Stored records:

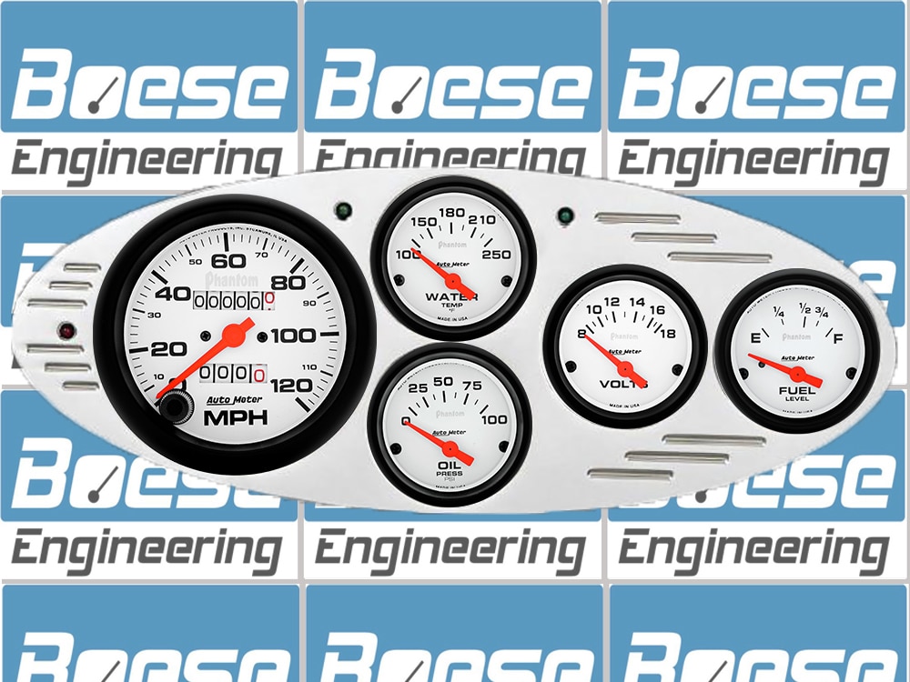 Includes aluminum gauge panel, Auto Meter Phantom gauges, & LED lights (turn signal & high beam indicators).
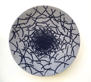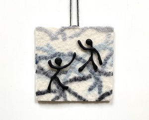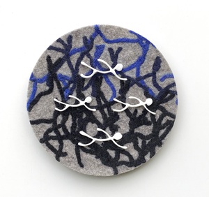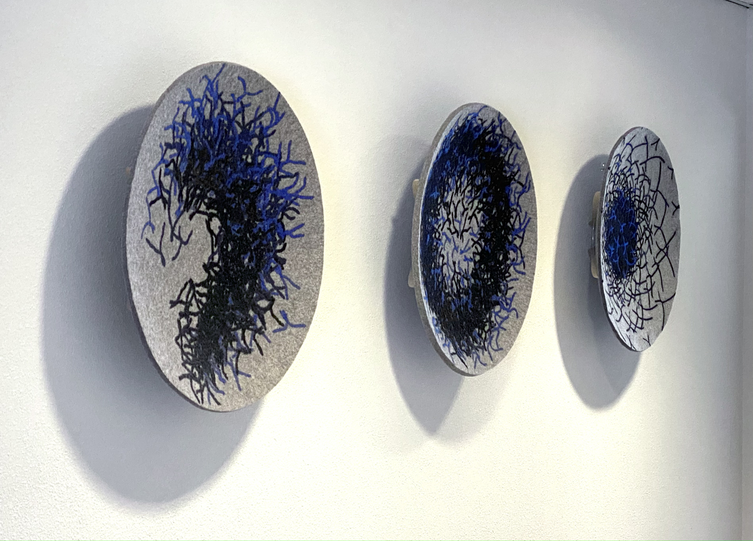 Grijs Zwart Blauw Vilt Troost Unica Geborgenheid Wandsculptuur Nabijheid Wandschaal Akoestiekverbeterend Breidraadjes
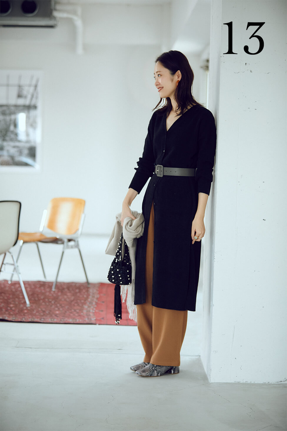バランスをとるのが難しい”長いトップス”×”長いボトム”の合わせは、カーディガンのリブ素材とウエストに巻いたベルトでメリハリのある女性らしいコーディネートに。パイソン柄のブーツを合わせてトレンド感をプラスしました。
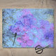 Hídranga floral numa cor púrpura, rosa e azul mais escura, com libélula preta, e uma efêmera com uma base azul-ciana no estilo do nouveau. Viva para desacoplamento de móveis.
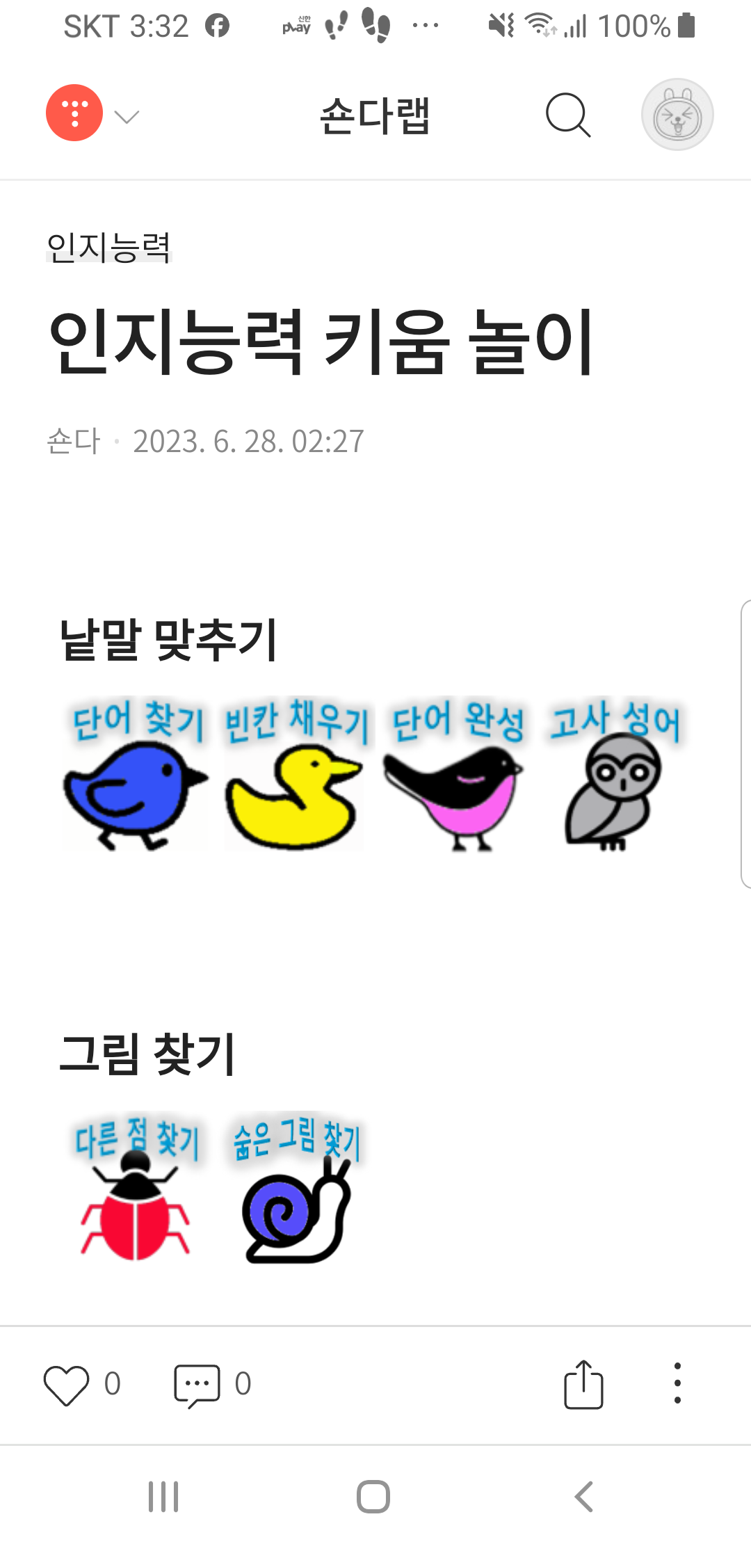 - 건강> 인지능력 향상 콘텐츠 (단어 퍼즐, 숨은그림 찾기 등)
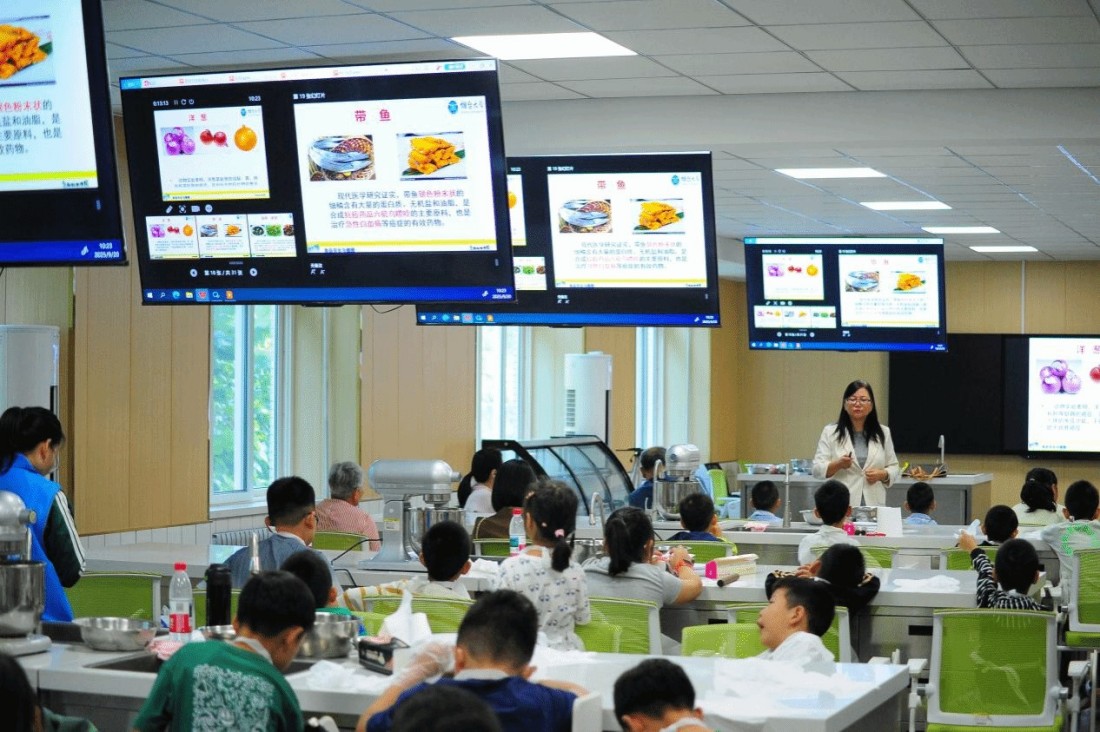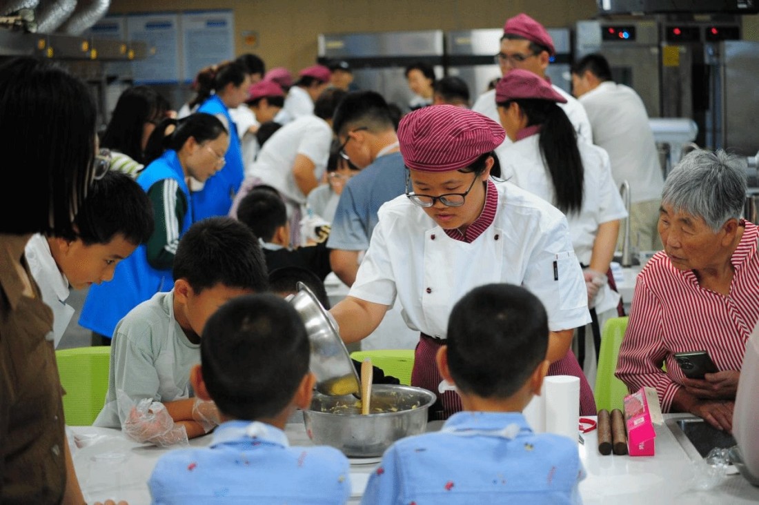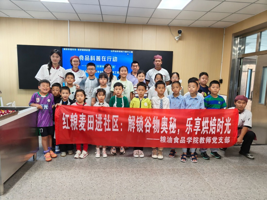 实践体验环节,“红粮麦田”品牌的育人特色尽显。党支部特别邀请烟台大学彭新颜教授开展食品营养科普讲座,彭教授用通俗易懂的语言讲解常见食物的营养成分,以及如何进行合理膳食搭配等实用知识,引导孩子们从营养角度重视食物的价值。学校粮油食品学院于海洋副教授则带领孩子们分组参与“我是科学烘焙小能手”实践课——称量面粉、调配食材,制作降糖馒头、烘焙点心,手把手教大家掌握制作技巧。当孩子们捧着自己亲手做的营养美食时,不仅收获了成就感,更在实践中践行了“红粮麦田”“知行合一护粮安”的理念。
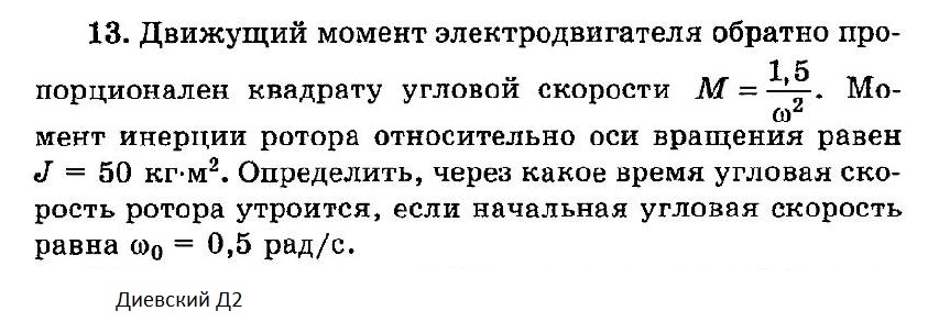 Решение задачи Д2 В13.   Движущий момент электродвигателя обратно пропорционален квадрату угловой скорости М = 1,5/w2. Moмент инерции ротора относительно оси вращения равен J = 50 кгм2. Определить, через какое время угловая ско­рость ротора утроится, если начальная угловая скорость равна w0 = 0,5 рад/с.

Exercise description:
If an entry contains a picture, leave it out and repeat the rest exactly.

Result of this task:
 Includes aluminum gauge panel, Auto Meter Phantom gauges, & LED lights (turn signal & high beam indicators).
 Grijs Zwart Blauw Vilt Troost Unica Geborgenheid Wandsculptuur Nabijheid Wandschaal Akoestiekverbeterend Breidraadjes
バランスをとるのが難しい”長いトップス”×”長いボトム”の合わせは、カーディガンのリブ素材とウエストに巻いたベルトでメリハリのある女性らしいコーディネートに。パイソン柄のブーツを合わせてトレンド感をプラスしました。
 Hídranga floral numa cor púrpura, rosa e azul mais escura, com libélula preta, e uma efêmera com uma base azul-ciana no estilo do nouveau. Viva para desacoplamento de móveis.
 - 건강> 인지능력 향상 콘텐츠 (단어 퍼즐, 숨은그림 찾기 등)
 实践体验环节,“红粮麦田”品牌的育人特色尽显。党支部特别邀请烟台大学彭新颜教授开展食品营养科普讲座,彭教授用通俗易懂的语言讲解常见食物的营养成分,以及如何进行合理膳食搭配等实用知识,引导孩子们从营养角度重视食物的价值。学校粮油食品学院于海洋副教授则带领孩子们分组参与“我是科学烘焙小能手”实践课——称量面粉、调配食材,制作降糖馒头、烘焙点心,手把手教大家掌握制作技巧。当孩子们捧着自己亲手做的营养美食时,不仅收获了成就感,更在实践中践行了“红粮麦田”“知行合一护粮安”的理念。
 Решение задачи Д2 В13.   Движущий момент электродвигателя обратно пропорционален квадрату угловой скорости М = 1,5/w2. Moмент инерции ротора относительно оси вращения равен J = 50 кгм2. Определить, через какое время угловая ско­рость ротора утроится, если начальная угловая скорость равна w0 = 0,5 рад/с.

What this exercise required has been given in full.